- **INFORMATION SUPPLIED**:
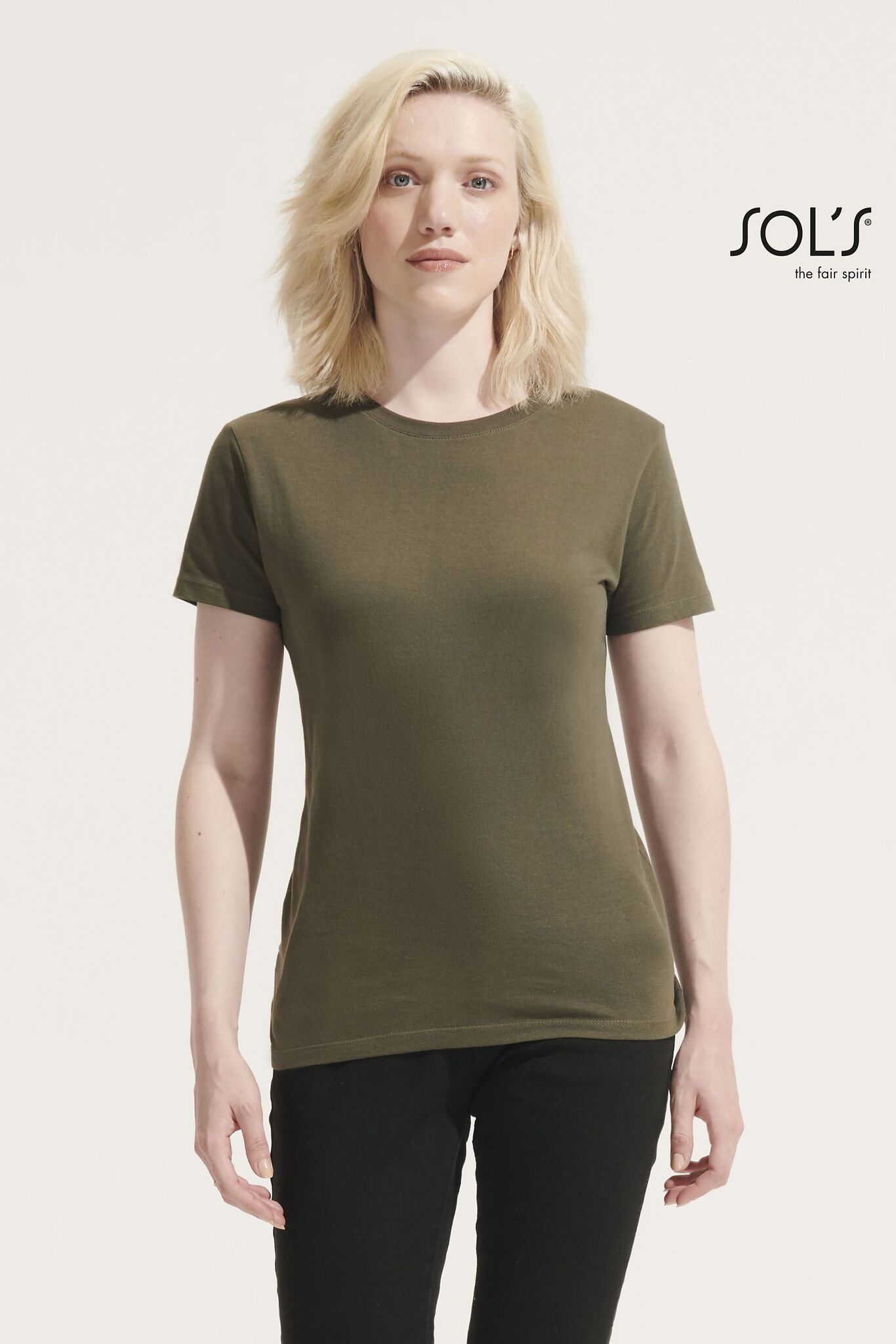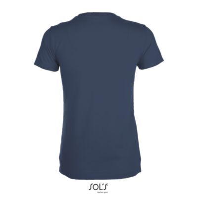 ЖЕНСКАЯ ФУТБОЛКА С КРУГЛОЙ ГОРЛОВИНОЙ. Полоса на воротнике; Ребристый воротник; Короткие рукава; Зауженный крой; Вшитый разрез
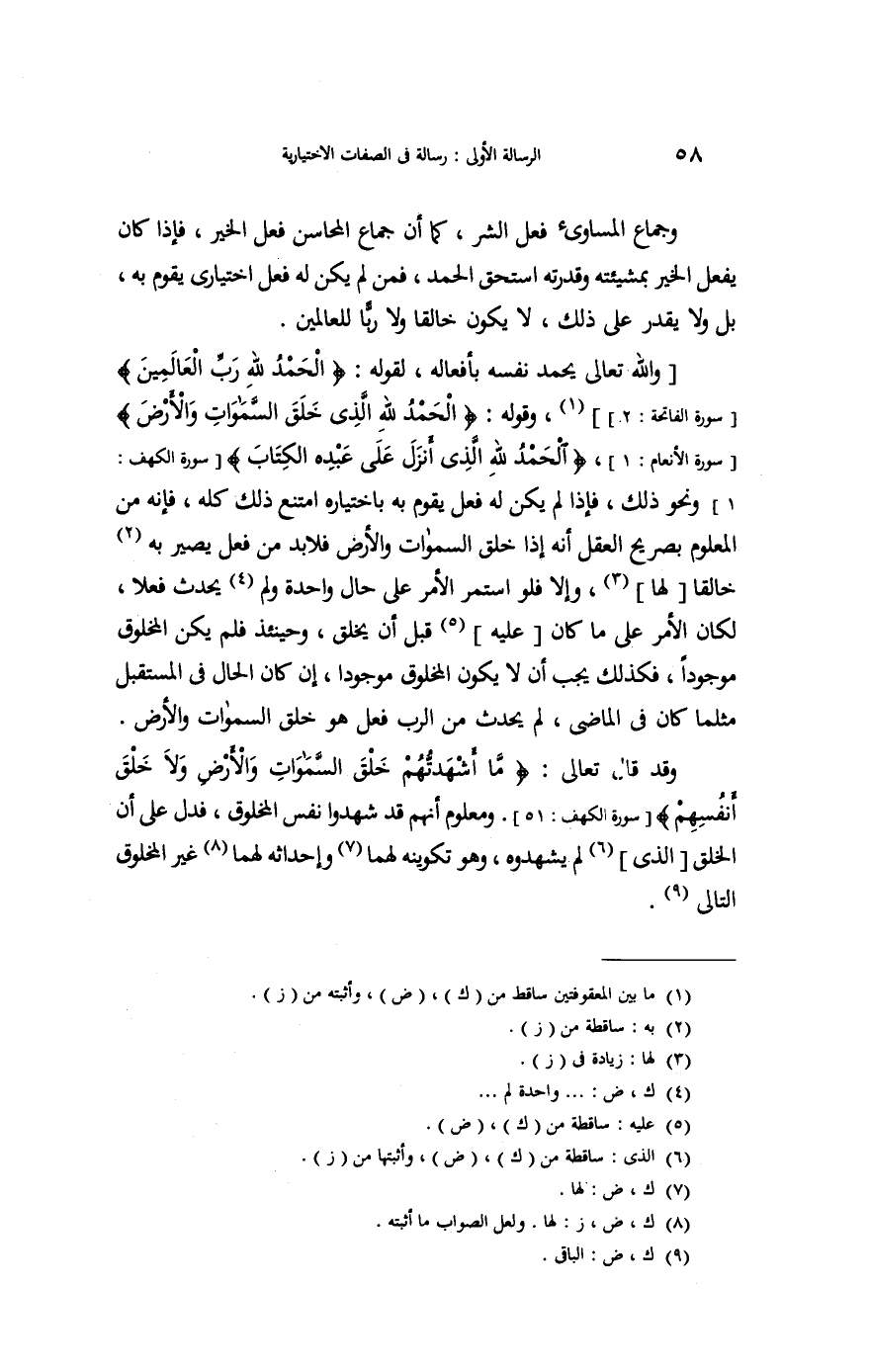 وجماع المساوئ فعل الشَّرّ كَمَا أَن جماع المحاسن فعل الْخَيْر. فَإِذا كَانَ يفعل الْخَيْر - بمشيئته وَقدرته اسْتحق " الْحَمد ". فَمن لم يكن لَهُ فعل اخْتِيَاري يقوم بِهِ؛ بل وَلَا يقدر على ذَلِك لَا يكون خَالِقًا وَلَا رَبًّا للْعَالمين.
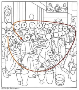 Jezus (✛), nagenoeg centraal in de compositie, valt des te meer op met de felrode mantel. Hij wijst naar de waterkruiken van het Joodse reinigingsgebruik, die, hier ‘zes’ in getal, over bijna de gehele breedte van het voorplan opgesteld staan. Hij maant een dienaar aan ze opnieuw te vullen. Ze deden ze vol water, tot de rand toe (v. 7).

- **TASK DESCRIPTION**: Give back the listing word for word, minus its images.

- **EXERCISE SOLUTION**:
 ЖЕНСКАЯ ФУТБОЛКА С КРУГЛОЙ ГОРЛОВИНОЙ. Полоса на воротнике; Ребристый воротник; Короткие рукава; Зауженный крой; Вшитый разрез
 وجماع المساوئ فعل الشَّرّ كَمَا أَن جماع المحاسن فعل الْخَيْر. فَإِذا كَانَ يفعل الْخَيْر - بمشيئته وَقدرته اسْتحق " الْحَمد ". فَمن لم يكن لَهُ فعل اخْتِيَاري يقوم بِهِ؛ بل وَلَا يقدر على ذَلِك لَا يكون خَالِقًا وَلَا رَبًّا للْعَالمين.
 Jezus (✛), nagenoeg centraal in de compositie, valt des te meer op met de felrode mantel. Hij wijst naar de waterkruiken van het Joodse reinigingsgebruik, die, hier ‘zes’ in getal, over bijna de gehele breedte van het voorplan opgesteld staan. Hij maant een dienaar aan ze opnieuw te vullen. Ze deden ze vol water, tot de rand toe (v. 7).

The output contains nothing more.